***** Given information

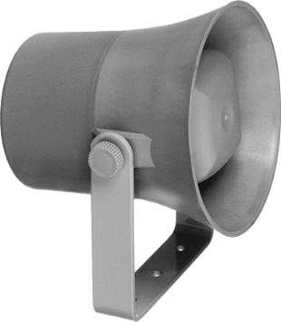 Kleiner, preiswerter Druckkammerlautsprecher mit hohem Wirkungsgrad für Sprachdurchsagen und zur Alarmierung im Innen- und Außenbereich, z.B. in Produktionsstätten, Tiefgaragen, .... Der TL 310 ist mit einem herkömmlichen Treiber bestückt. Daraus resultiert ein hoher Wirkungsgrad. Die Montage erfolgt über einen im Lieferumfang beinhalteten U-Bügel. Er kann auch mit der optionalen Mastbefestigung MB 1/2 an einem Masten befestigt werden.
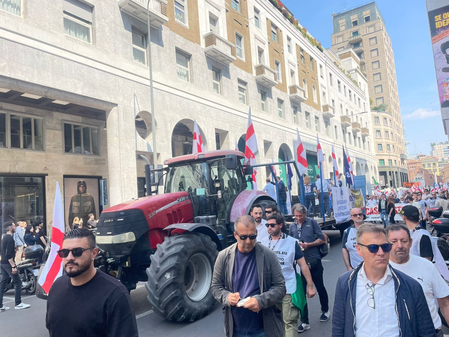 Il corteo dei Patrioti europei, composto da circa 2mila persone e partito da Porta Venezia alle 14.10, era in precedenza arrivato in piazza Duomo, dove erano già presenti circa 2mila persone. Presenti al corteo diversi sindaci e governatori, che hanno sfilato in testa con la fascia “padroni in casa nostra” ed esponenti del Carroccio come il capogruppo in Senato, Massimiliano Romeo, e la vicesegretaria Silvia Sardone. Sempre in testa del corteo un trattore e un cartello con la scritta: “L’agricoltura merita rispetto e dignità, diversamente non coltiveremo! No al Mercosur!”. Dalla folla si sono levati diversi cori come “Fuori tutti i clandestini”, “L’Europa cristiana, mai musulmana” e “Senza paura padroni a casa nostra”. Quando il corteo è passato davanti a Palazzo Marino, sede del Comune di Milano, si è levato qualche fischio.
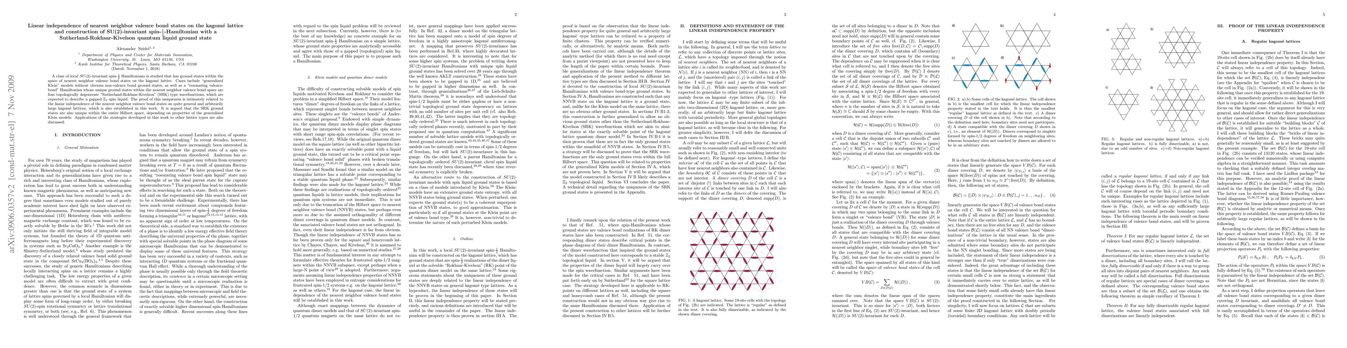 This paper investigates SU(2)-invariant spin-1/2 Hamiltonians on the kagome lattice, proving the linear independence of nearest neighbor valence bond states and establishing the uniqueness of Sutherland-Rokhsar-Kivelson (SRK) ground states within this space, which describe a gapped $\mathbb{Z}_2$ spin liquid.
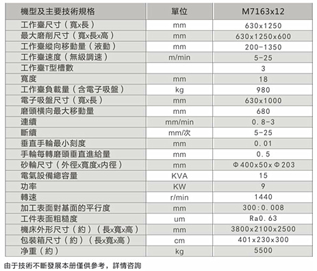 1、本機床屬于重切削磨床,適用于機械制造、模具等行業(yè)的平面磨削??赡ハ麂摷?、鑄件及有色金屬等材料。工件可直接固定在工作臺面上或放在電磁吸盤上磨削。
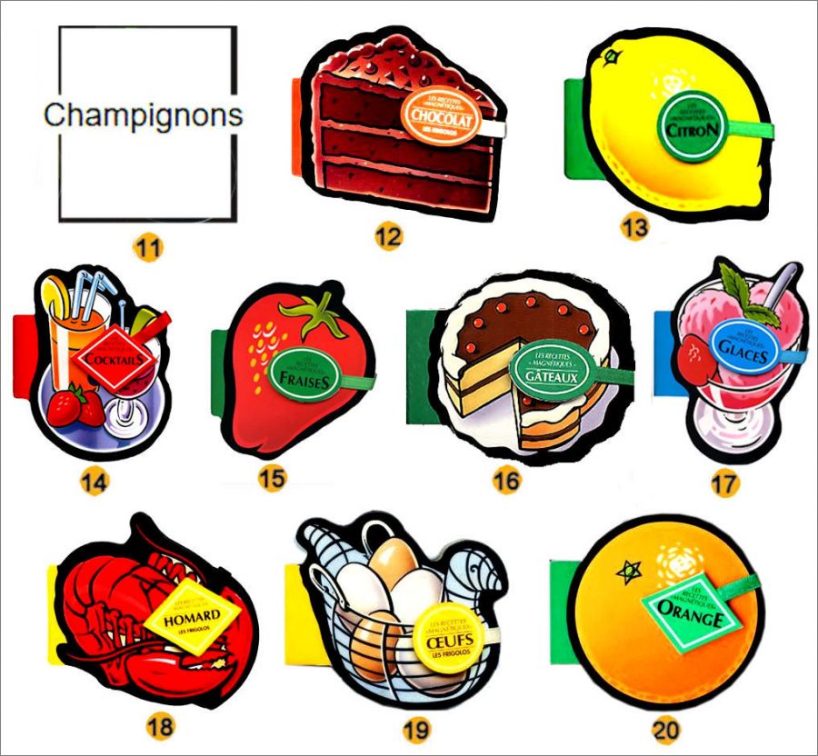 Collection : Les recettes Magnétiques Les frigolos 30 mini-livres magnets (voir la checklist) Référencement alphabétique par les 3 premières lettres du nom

**********
***** Given information

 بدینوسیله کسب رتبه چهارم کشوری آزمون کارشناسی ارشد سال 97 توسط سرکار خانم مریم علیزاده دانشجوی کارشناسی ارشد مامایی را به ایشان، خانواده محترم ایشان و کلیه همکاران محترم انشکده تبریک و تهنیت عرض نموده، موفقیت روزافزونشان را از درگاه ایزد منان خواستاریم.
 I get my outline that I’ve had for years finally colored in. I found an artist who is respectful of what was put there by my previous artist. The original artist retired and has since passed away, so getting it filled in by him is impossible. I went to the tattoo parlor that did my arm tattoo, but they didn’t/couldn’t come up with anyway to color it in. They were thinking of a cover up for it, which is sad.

**********
***** Given information

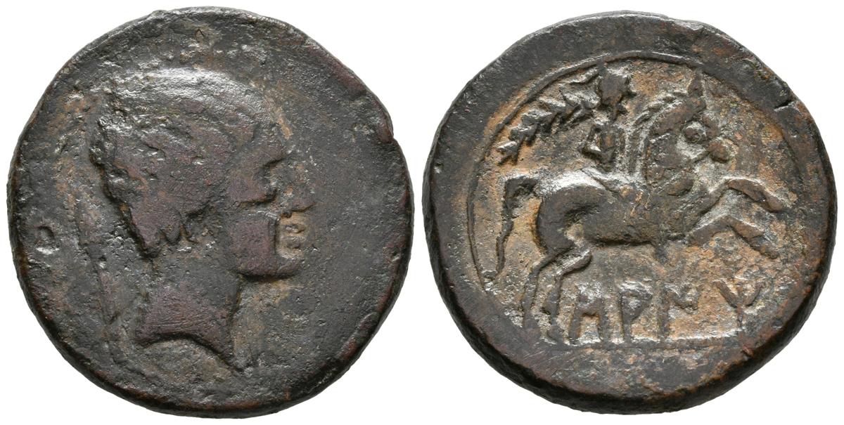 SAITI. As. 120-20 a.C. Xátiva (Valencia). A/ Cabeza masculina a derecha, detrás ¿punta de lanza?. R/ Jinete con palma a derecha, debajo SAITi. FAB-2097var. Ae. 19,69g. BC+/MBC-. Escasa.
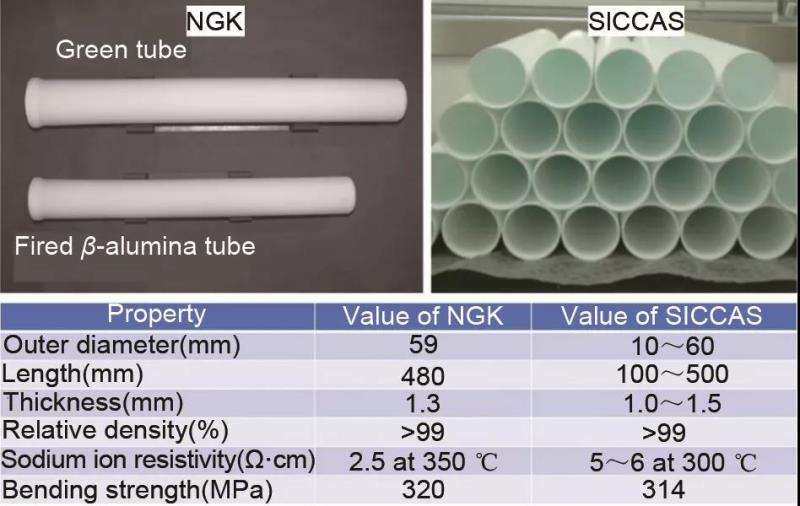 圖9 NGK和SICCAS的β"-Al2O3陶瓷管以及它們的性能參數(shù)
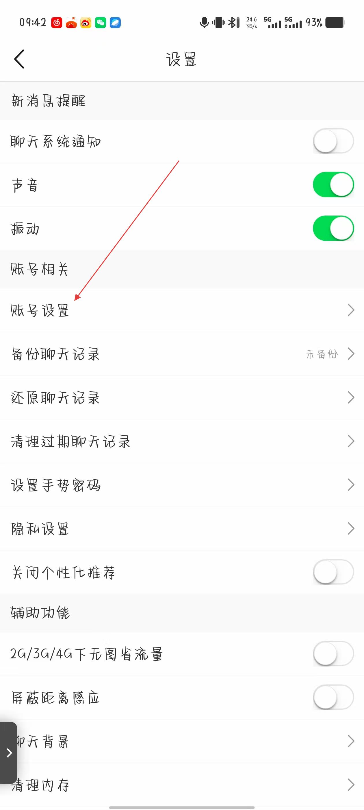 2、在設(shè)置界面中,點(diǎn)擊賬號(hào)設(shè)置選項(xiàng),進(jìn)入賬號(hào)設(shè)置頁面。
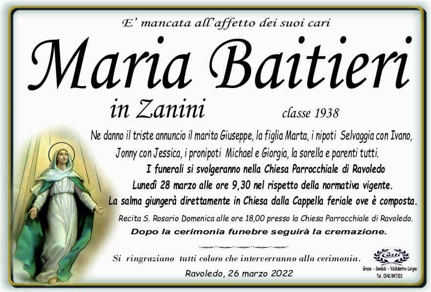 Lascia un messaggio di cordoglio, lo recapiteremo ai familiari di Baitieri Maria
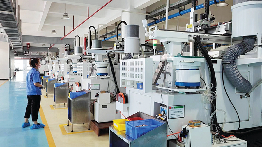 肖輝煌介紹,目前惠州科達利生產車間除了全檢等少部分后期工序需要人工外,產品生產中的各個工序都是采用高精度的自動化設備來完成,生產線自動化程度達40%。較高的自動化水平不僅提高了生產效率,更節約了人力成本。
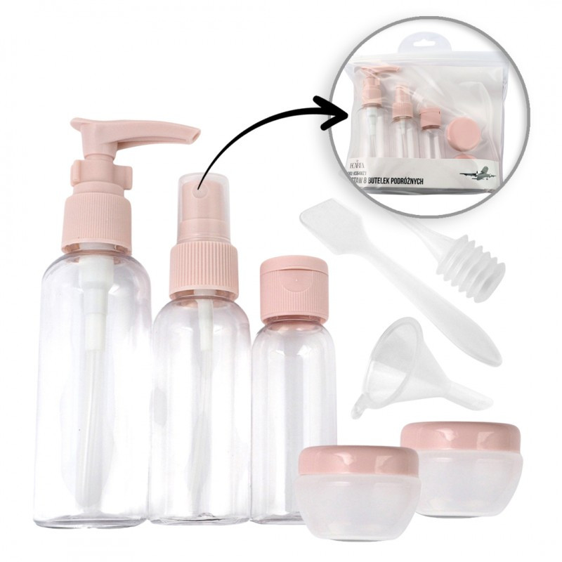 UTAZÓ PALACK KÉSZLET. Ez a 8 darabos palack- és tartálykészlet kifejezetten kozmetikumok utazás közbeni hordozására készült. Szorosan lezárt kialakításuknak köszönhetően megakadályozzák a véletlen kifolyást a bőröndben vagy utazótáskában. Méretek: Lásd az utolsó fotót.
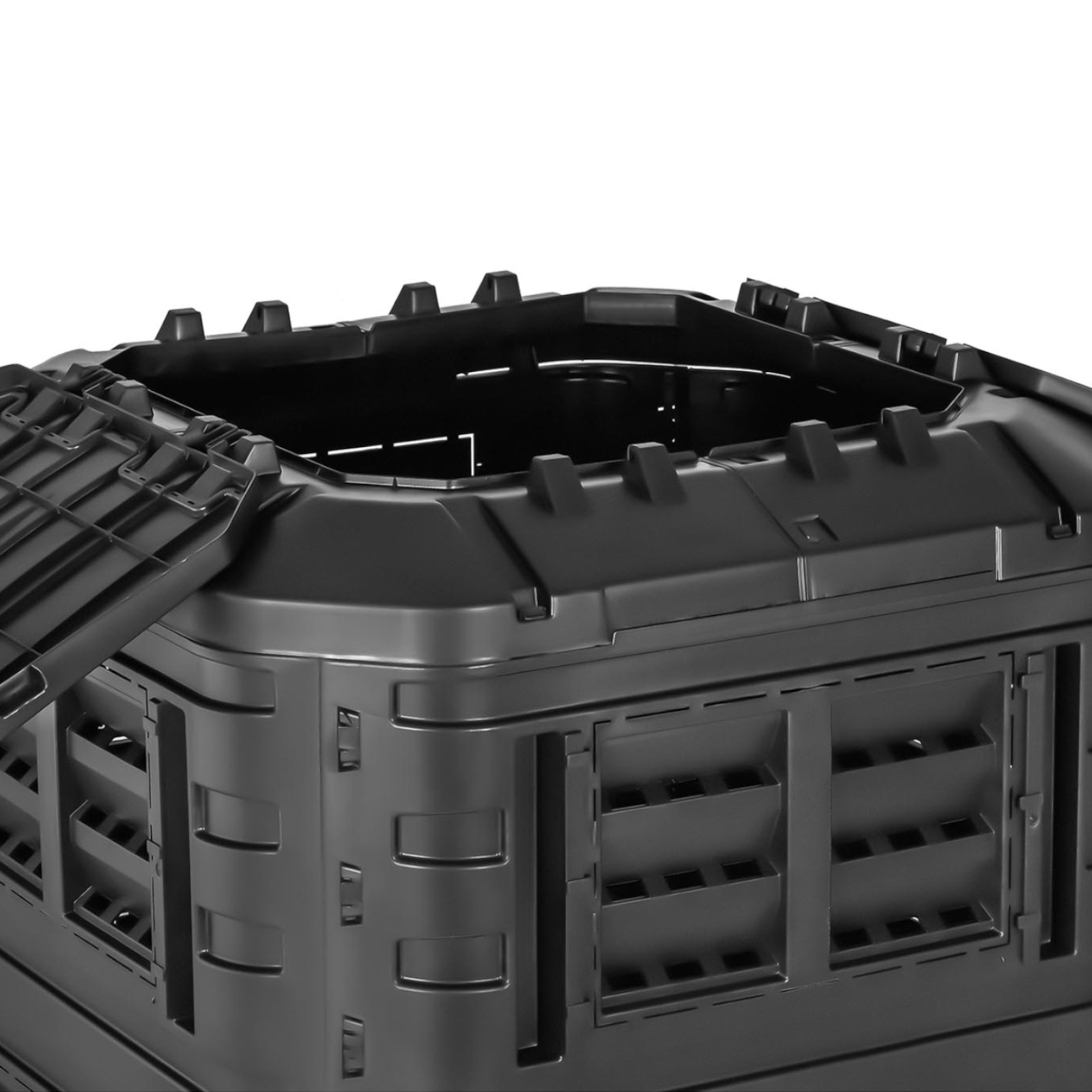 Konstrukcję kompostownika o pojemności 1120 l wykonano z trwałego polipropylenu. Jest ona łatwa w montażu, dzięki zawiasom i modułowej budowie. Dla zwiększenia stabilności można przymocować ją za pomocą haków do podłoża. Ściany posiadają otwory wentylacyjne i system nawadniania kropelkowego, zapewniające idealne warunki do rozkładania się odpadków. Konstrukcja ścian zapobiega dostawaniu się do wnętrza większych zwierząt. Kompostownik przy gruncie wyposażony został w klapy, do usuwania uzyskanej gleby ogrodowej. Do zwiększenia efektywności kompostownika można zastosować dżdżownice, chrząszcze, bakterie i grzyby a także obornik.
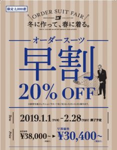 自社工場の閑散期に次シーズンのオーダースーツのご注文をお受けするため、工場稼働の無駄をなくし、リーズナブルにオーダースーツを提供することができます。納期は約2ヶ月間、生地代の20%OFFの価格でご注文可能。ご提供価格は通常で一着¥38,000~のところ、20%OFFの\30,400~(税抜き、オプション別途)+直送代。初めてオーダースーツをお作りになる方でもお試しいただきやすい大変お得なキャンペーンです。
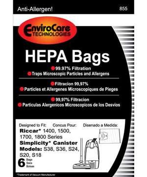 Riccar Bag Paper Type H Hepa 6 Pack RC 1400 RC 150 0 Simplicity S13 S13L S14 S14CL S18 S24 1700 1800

**********

> _What you will do_: Begin with the line that has "بدینوسیله کسب رتبه" in the listing above and end after the line that has "I get my outline"; output those lines exactly.

> _Output for this task_:
 بدینوسیله کسب رتبه چهارم کشوری آزمون کارشناسی ارشد سال 97 توسط سرکار خانم مریم علیزاده دانشجوی کارشناسی ارشد مامایی را به ایشان، خانواده محترم ایشان و کلیه همکاران محترم انشکده تبریک و تهنیت عرض نموده، موفقیت روزافزونشان را از درگاه ایزد منان خواستاریم.
 I get my outline that I’ve had for years finally colored in. I found an artist who is respectful of what was put there by my previous artist. The original artist retired and has since passed away, so getting it filled in by him is impossible. I went to the tattoo parlor that did my arm tattoo, but they didn’t/couldn’t come up with anyway to color it in. They were thinking of a cover up for it, which is sad.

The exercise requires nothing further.